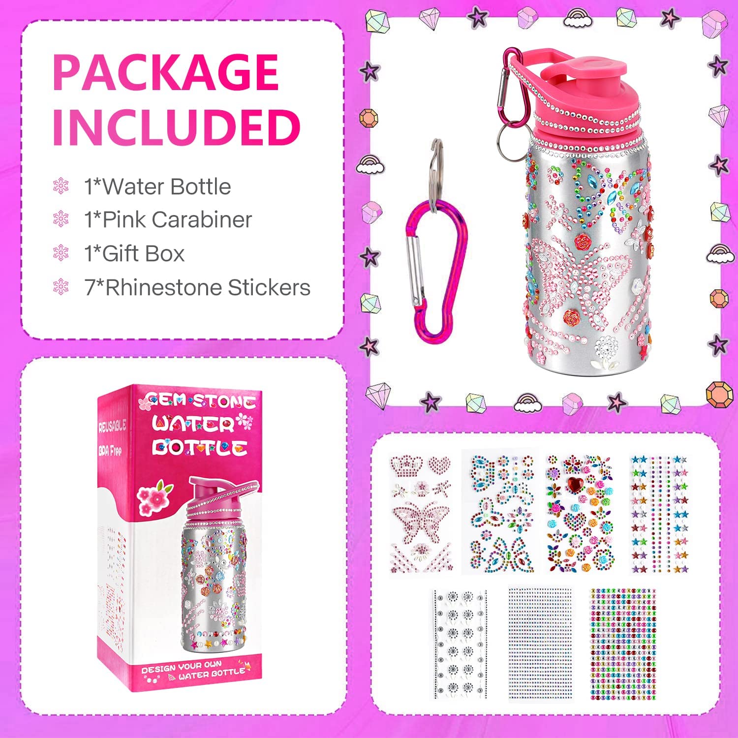 - SUPER FUN ARTS AND CRAFTS FOR KIDS! Kids love decorating their own bottle with this pink kids water bottle craft kit! It comes with 7 sheets of our sparkly rhinestone glitter gemstone stickers, giving kids hundreds of our sparkly glitter gem stickers to bling out their bottle! Plus we include a carabiner to hang the bottle.
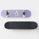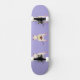This awesome skateboard features a graphic image of a cute Siamese fancy rat with a cream coloured body, pink feet and paws, brown ears, nose and tail and little red eyes. The sweet little rat is holding a tasty Birthday cake in its paws. The cake is a chocolate cake topped with pale yellow frosting and filled with red jam. There are nine candles alight on top of the cake.
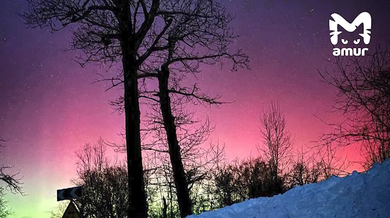 Роскошное полярное сияние озарило небо над Дальним Востоком. Зелёно-красные огни видели даже из самолёта.
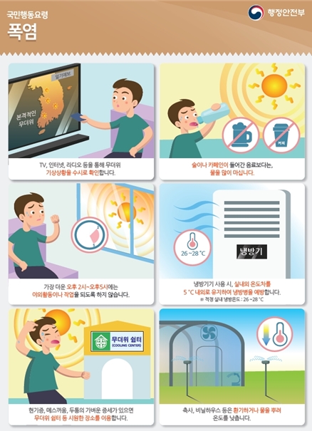 행정안전부는 지자체와 함께 무더위쉼터 관리를 강화하고, 논·밭, 비닐하우스 등에 대한 마을·거리 방송 실시, 그늘막 등 폭염 저감시설 설치 확대 및 행동요령 홍보를 집중적으로 추진할 예정이다.
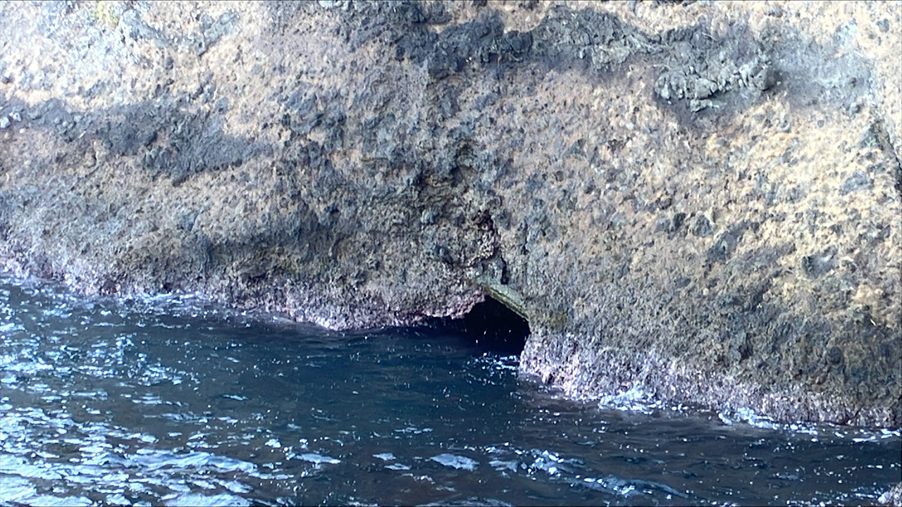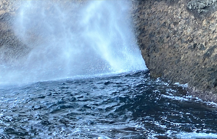 ~汐吹きは潮の干満によって断崖絶壁の洞穴から潮が吹き上がる現象~
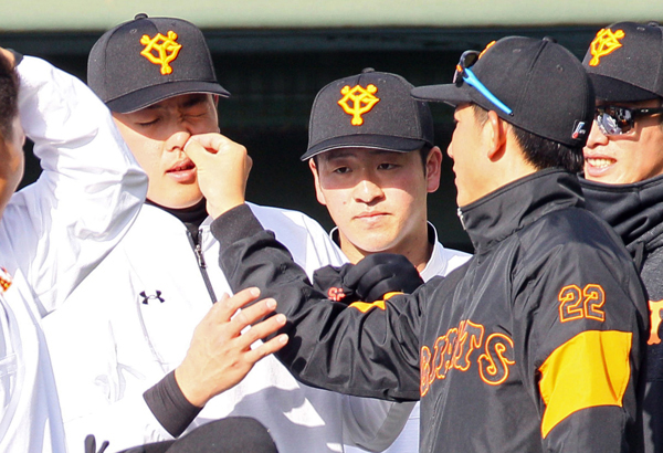 巨人キャンプ2日目の珍事 小林が岡本の鼻毛を“ブチッ!”
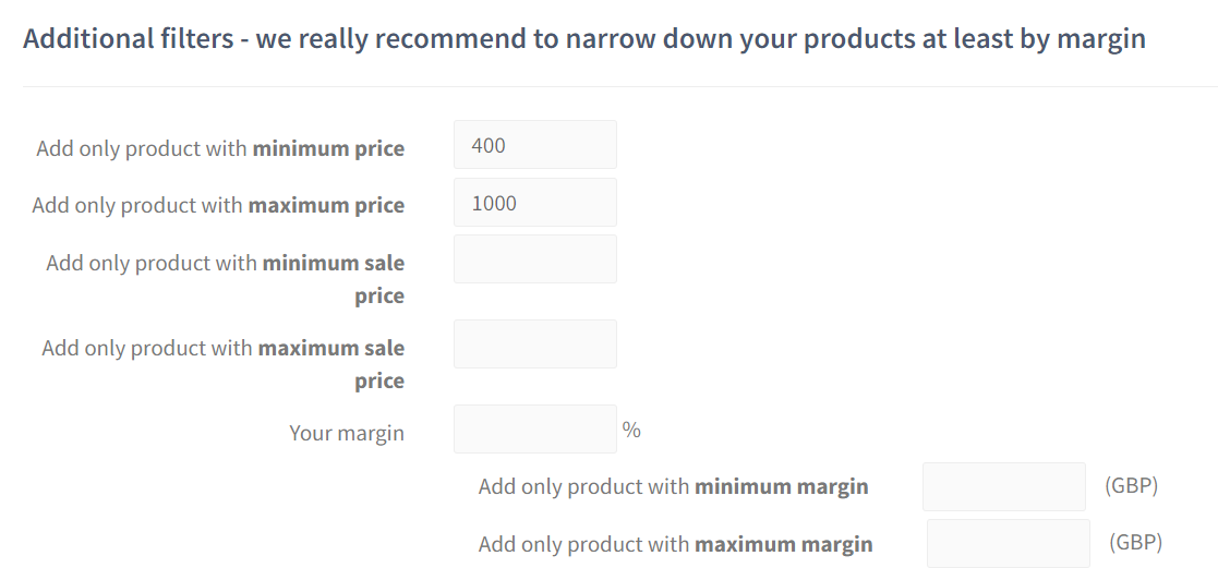 Filters for price and margin
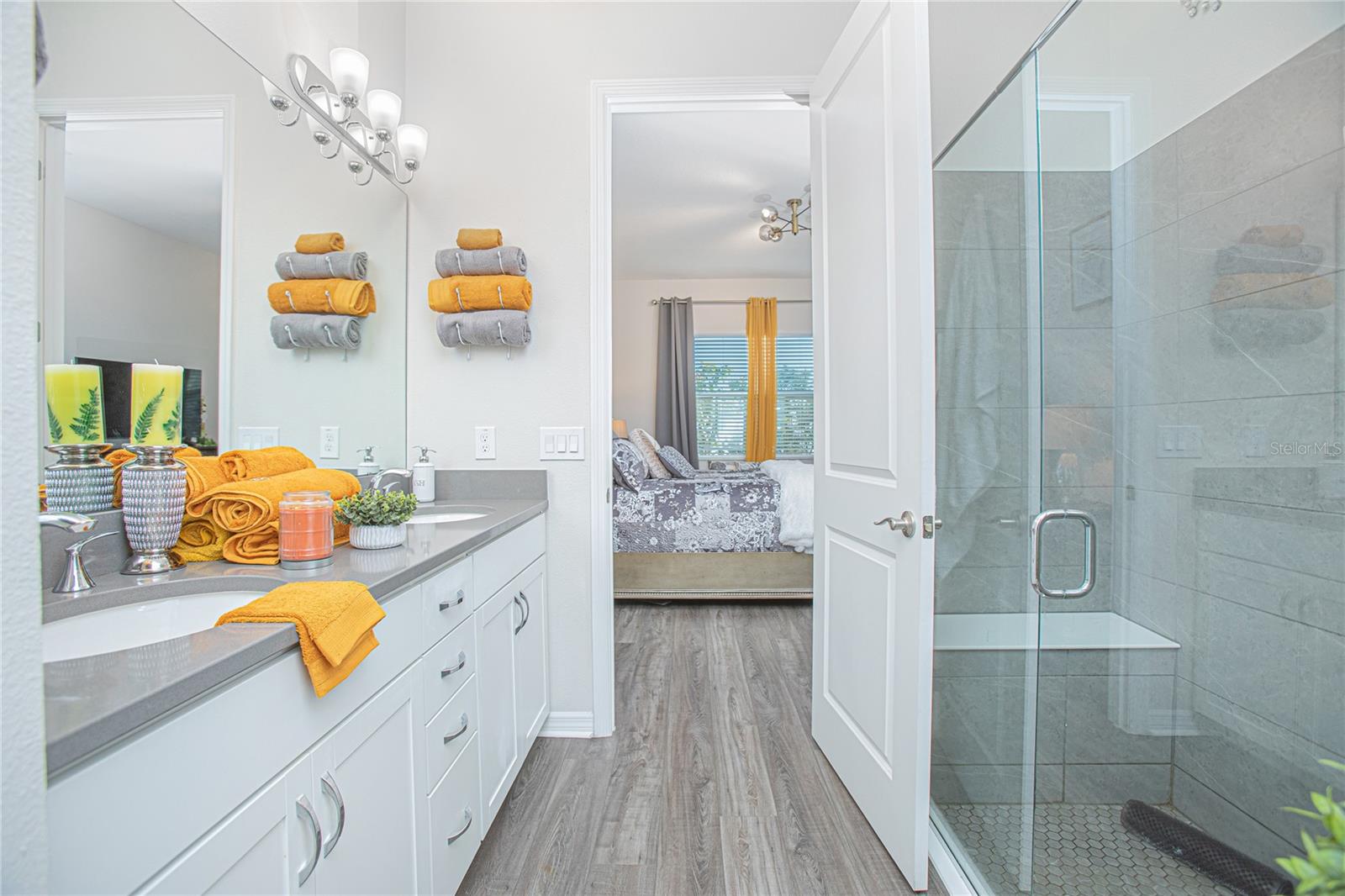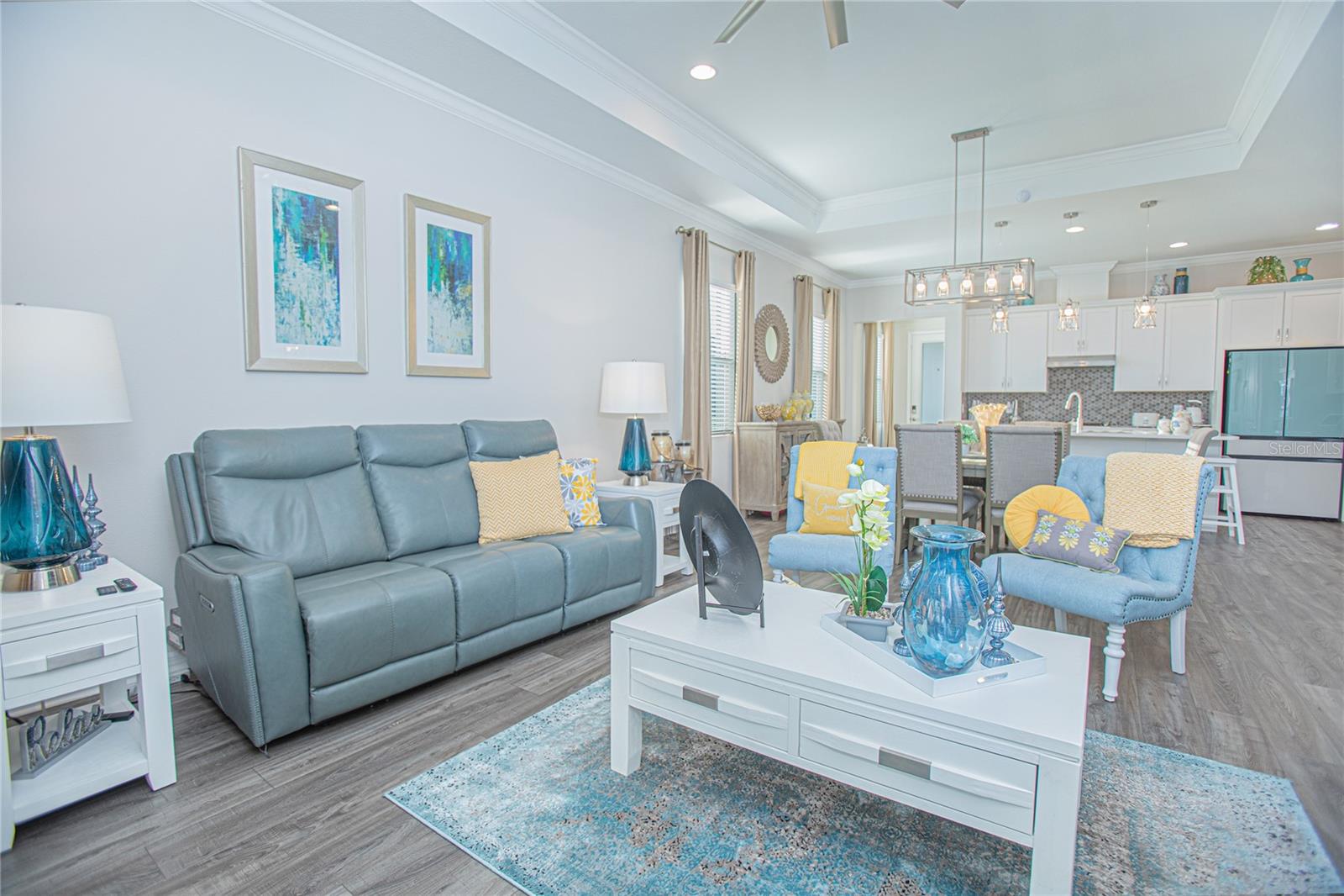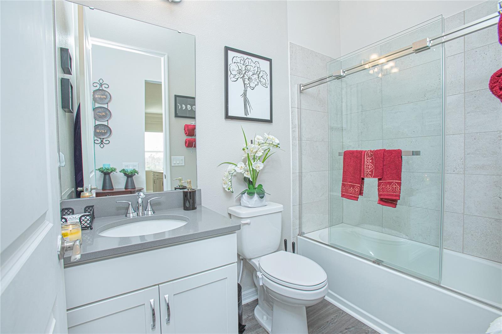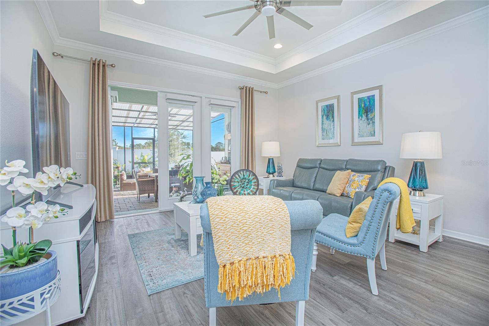 Experience resort-style living in the highly desirable 55+ community of Four Seasons at Orlando! This beautifully appointed 2-bedroom, 2-bath villa showcases 1,437 sqft of open, light-filled space with stylish upgrades throughout. The gourmet kitchen is equipped with quartz countertops, a gas cooktop, a spacious island, and abundant cabinetry, perfect for everyday living or entertaining. Step outside to your own private oasis: a screened lanai with a custom summer kitchen and extended pavers, ideal for relaxing or hosting guests. A privacy wall creates a secluded ambiance, while the screened front porch is the perfect spot to enjoy Florida’s breezes. Enjoy the elegant touches of laminate flooring, a tray ceiling in the living area, and thoughtfully designed finishes in every room. The primary suite features dual sinks and a walk-in shower with a built-in bench for added comfort. Situated in the heart of the Celebration area, you’ll be minutes from world-class dining, shopping, and all the excitement of the Disney attractions. Residents of Four Seasons enjoy exclusive access to a 12,000 sqft clubhouse, two pools, pickleball, tennis, bocce courts, and the Mystic Dunes Golf Course. This exceptional villa blends luxury, convenience, and a vibrant community lifestyle. Schedule your private showing today and discover why this is one of the best opportunities in Four Seasons at Orlando!
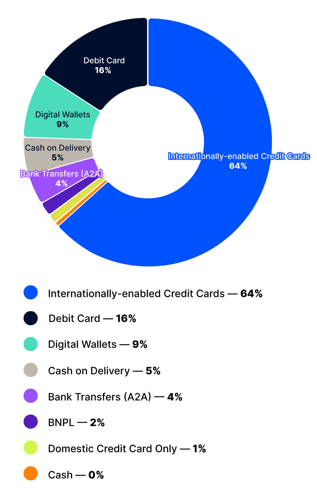 Turkey is a card-led digital commerce market, with internationally enabled credit cards representing the majority of online transactions today. At the same time, bank transfers and digital wallets are steadily growing, reinforcing Turkey’s transition toward a hybrid payments ecosystem.

■ ■ ■ ■ ■

**Work request**
Start with the line holding "Роскошное полярное сияние" and repeat exactly every line through the final line of the records above, but no pictures and nothing more.

**Task output**
 Роскошное полярное сияние озарило небо над Дальним Востоком. Зелёно-красные огни видели даже из самолёта.
 행정안전부는 지자체와 함께 무더위쉼터 관리를 강화하고, 논·밭, 비닐하우스 등에 대한 마을·거리 방송 실시, 그늘막 등 폭염 저감시설 설치 확대 및 행동요령 홍보를 집중적으로 추진할 예정이다.
 ~汐吹きは潮の干満によって断崖絶壁の洞穴から潮が吹き上がる現象~
 巨人キャンプ2日目の珍事 小林が岡本の鼻毛を“ブチッ!”
 Filters for price and margin
 Experience resort-style living in the highly desirable 55+ community of Four Seasons at Orlando! This beautifully appointed 2-bedroom, 2-bath villa showcases 1,437 sqft of open, light-filled space with stylish upgrades throughout. The gourmet kitchen is equipped with quartz countertops, a gas cooktop, a spacious island, and abundant cabinetry, perfect for everyday living or entertaining. Step outside to your own private oasis: a screened lanai with a custom summer kitchen and extended pavers, ideal for relaxing or hosting guests. A privacy wall creates a secluded ambiance, while the screened front porch is the perfect spot to enjoy Florida’s breezes. Enjoy the elegant touches of laminate flooring, a tray ceiling in the living area, and thoughtfully designed finishes in every room. The primary suite features dual sinks and a walk-in shower with a built-in bench for added comfort. Situated in the heart of the Celebration area, you’ll be minutes from world-class dining, shopping, and all the excitement of the Disney attractions. Residents of Four Seasons enjoy exclusive access to a 12,000 sqft clubhouse, two pools, pickleball, tennis, bocce courts, and the Mystic Dunes Golf Course. This exceptional villa blends luxury, convenience, and a vibrant community lifestyle. Schedule your private showing today and discover why this is one of the best opportunities in Four Seasons at Orlando!
 Turkey is a card-led digital commerce market, with internationally enabled credit cards representing the majority of online transactions today. At the same time, bank transfers and digital wallets are steadily growing, reinforcing Turkey’s transition toward a hybrid payments ecosystem.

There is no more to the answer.